Зинаида Гиппиус - Язвительные заметки о Царе, Сталине и Муже Страница 27

Тут можно читать бесплатно Зинаида Гиппиус - Язвительные заметки о Царе, Сталине и Муже. Жанр: Документальные книги / Публицистика, год -. Так же Вы можете читать полную версию (весь текст) онлайн без регистрации и SMS на сайте Knigogid (Книгогид) или прочесть краткое содержание, предисловие (аннотацию), описание и ознакомиться с отзывами (комментариями) о произведении.

Зинаида Гиппиус - Язвительные заметки о Царе, Сталине и Муже читать онлайн бесплатно

Зинаида Гиппиус - Язвительные заметки о Царе, Сталине и Муже - читать книгу онлайн бесплатно, автор Зинаида Гиппиус

3. Городское обывательское население, полуинтеллигенты, интеллигенты, чиновники, а также верхи и полуверхи красной армии, ее командный состав — об этом слое уже было упомянуто. Взятый en gros — он в подавляющем большинстве непримирим по отношению к «советской власти». Нейтралов сравнительно немного, да и нейтралами они могут быть названы лишь в той мере, в какой было названо нейтральным крестьянство. Под тончайшей пленкой тупого равнодушия или мгновенной беззаботности — иу них, у нейтралов, лежит самая определенная враждебность к данной власти — трусливая ненависть или презрение. С каким злорадством накидывается обывательщина, верхняя и нижняя, на всякую неудачу большевиков, с какой жадностью ловит слухи о их близком падении! Не раз и не два мне собственными ушами приходилось слышать, как ждут освободителей: «Хоть сам черт, хоть дьявол, — только бы пришли! И чего они там, союзники эти самые! Часок только и пострелять с моря, и готово дело! Уж мы бы тут здешней нашей сволочи удрать не дали — нет! Уж мы бы с ней тогда сами расправились!» Но этого «часочка стрельбы» настоящей не было, и разочарованные жители Петербурга после взрыва надежды молчаливозлобными взглядами провожают всякий автомобиль. (Автомобиль — это, значит, едут большевики. Автомобилей других нет.)

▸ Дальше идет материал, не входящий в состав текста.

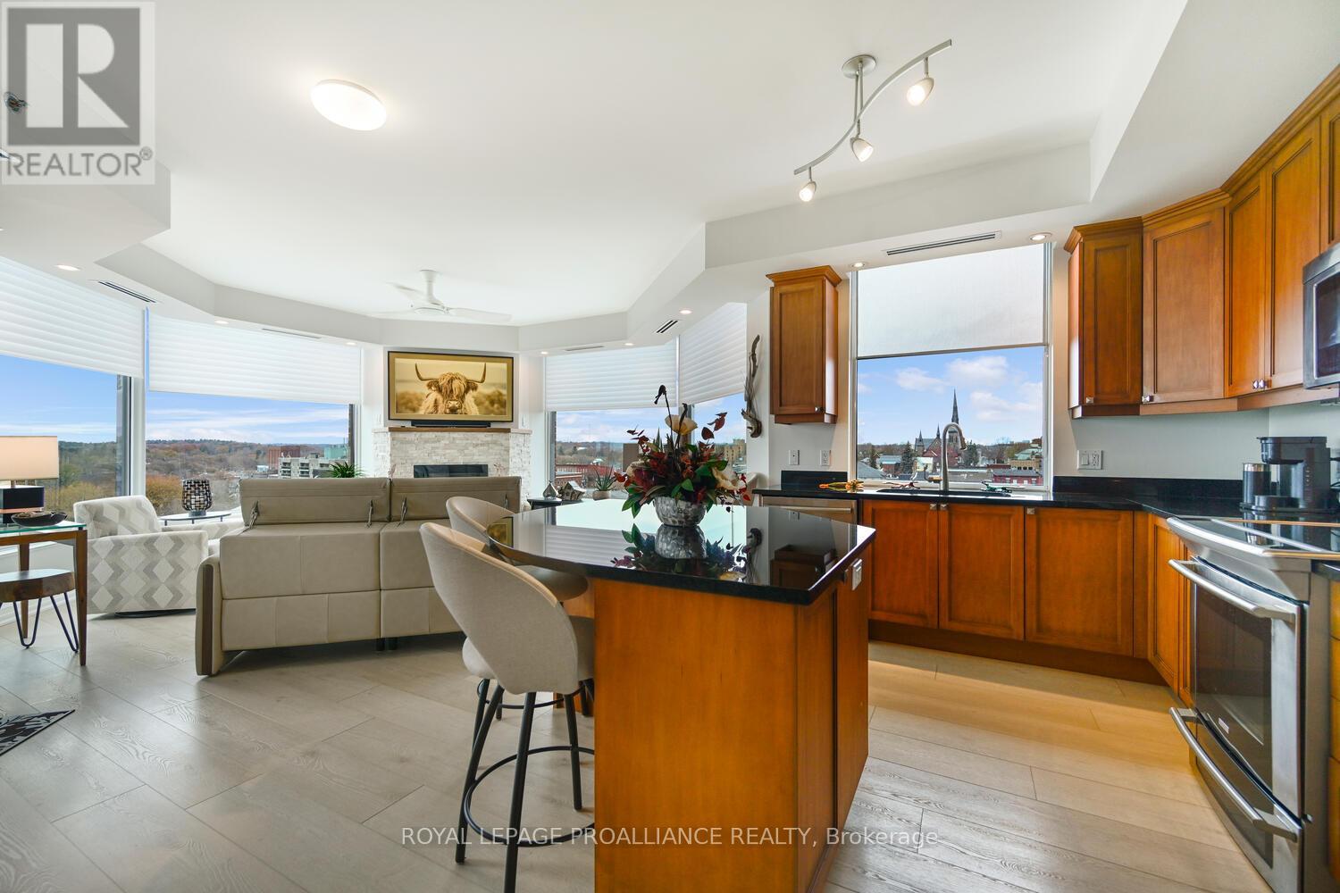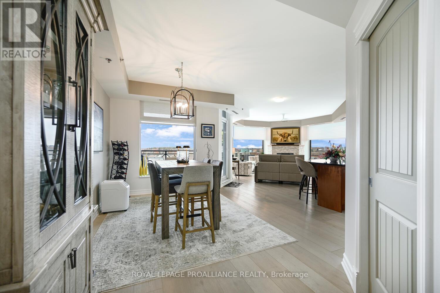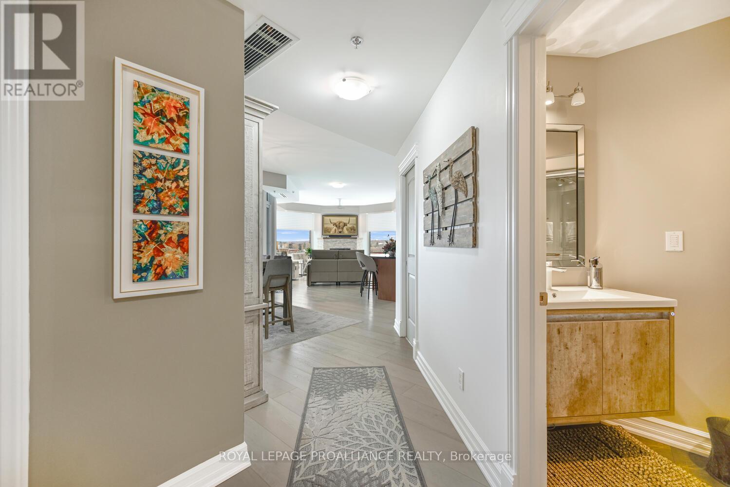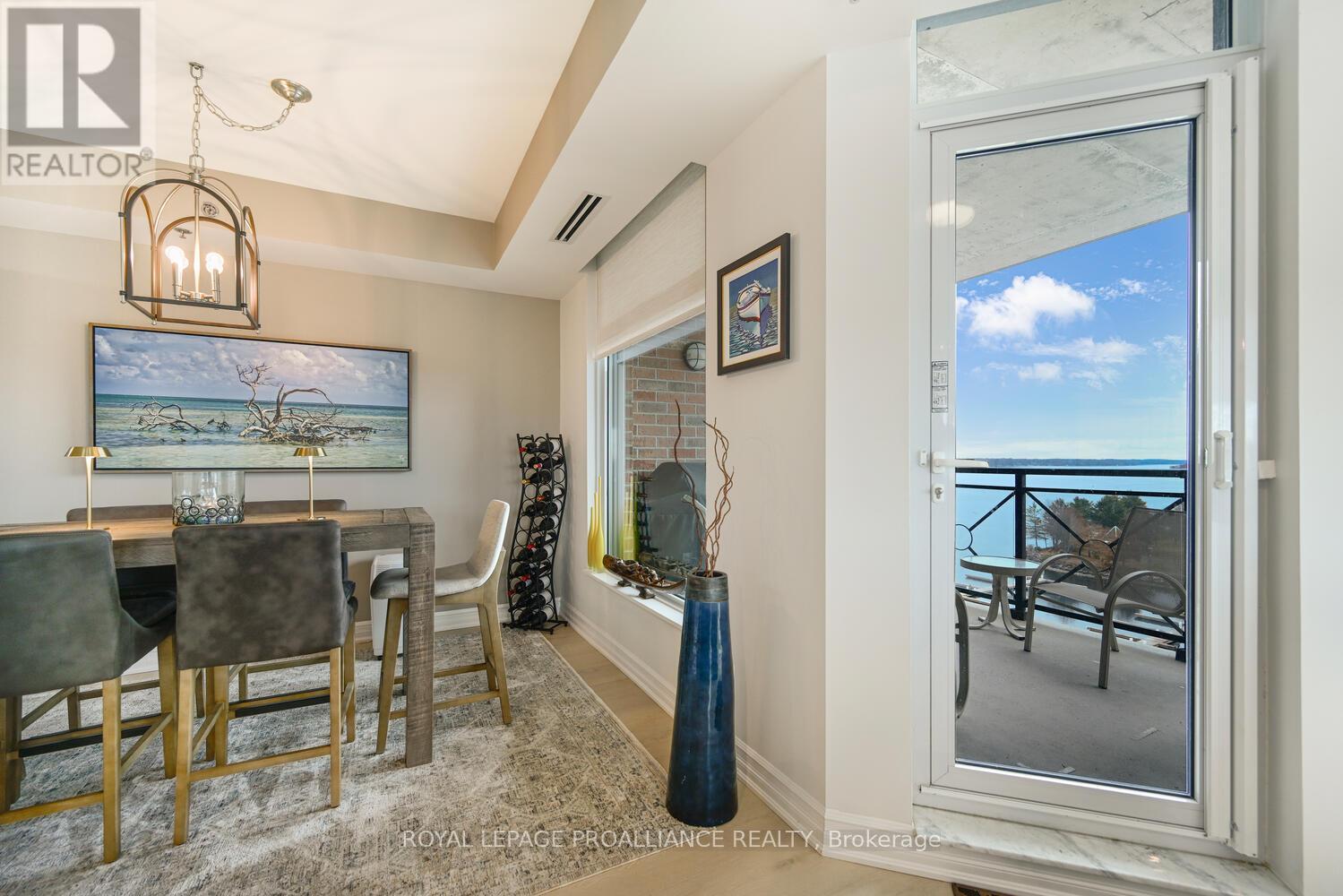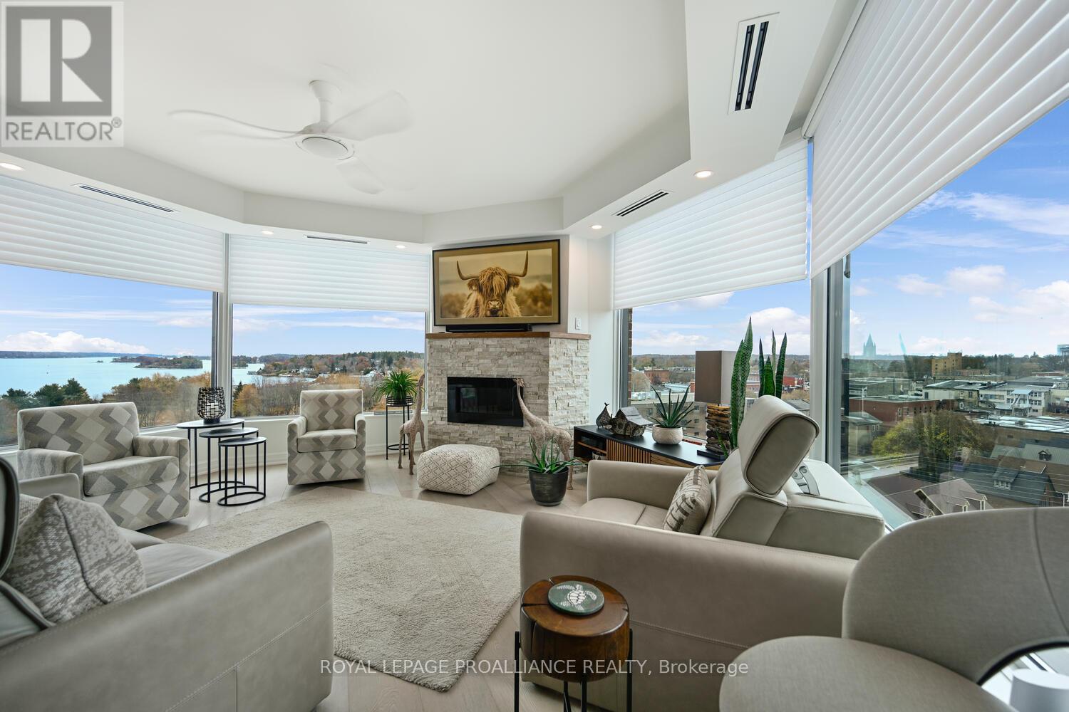 The stunning panoramic views from all windows in this tastefully appointed condo allow a pleasing outlook of the 1000 Islands and parkland to the west and cityscapes and the many church spires to the north. The current owner replaced all flooring and redecorated throughout when purchased from the original owner. Enjoy tasteful luxury vinyl plank throughout and cushion tile flooring in the baths. This "designer look" condo is freshly painted throughout in neutral colours. You will never tire of summer days and evenings on your private 105 sq ft balcony watching ocean going ships, lakers, private yachts and endless riverfront activity. Meet fellow residents or friends at the in building restaurant or cafe. Enjoy a game of pool in the party room, keep fit exercising in the work out room or swimming in the heated indoor pool. An extensive waterfront deck expands across the perimeter of the building providing multiple sitting areas, outdoor shuffle board, wonderful for socializing. When you live at the "Tall Ships" you are not just buying a beautiful, contemporary home but also a great, carefree lifestyle. Book your showing soon. Seller can accommodate a quick closing. (41680280)

Вот моя сводка. И не моя вовсе: ее, такую, делают все в России, все знают, что в грубых и общих чертах отношение русского населения к большевицкой власти именно таково. Я ничего не сказала о чистых спекулянтах. Но это не слой и не класс. Спекулянты, сколько бы их ни было, все-таки отдельные личности и принадлежат ко всем слоям и классам. Они, конечно, рады, что подвернулись такие роскошные условия — власть большевиков — для легкой наживы. Но, в целом, и на армию спекулянтов большевики не могут рассчитывать, как на твердую опору. Происходит та же, приблизительно, история, как с крестьянами. Кучи спекулянтов уже стонут: да когда же?

Долго ли? Когда же попользоваться награбленным? А жить все дороже, грабить надо шире, значит, и рисковать больше. Расчетливый спекулянт с таким же нетерпеливым ожиданием считает дни, как иной чиновник.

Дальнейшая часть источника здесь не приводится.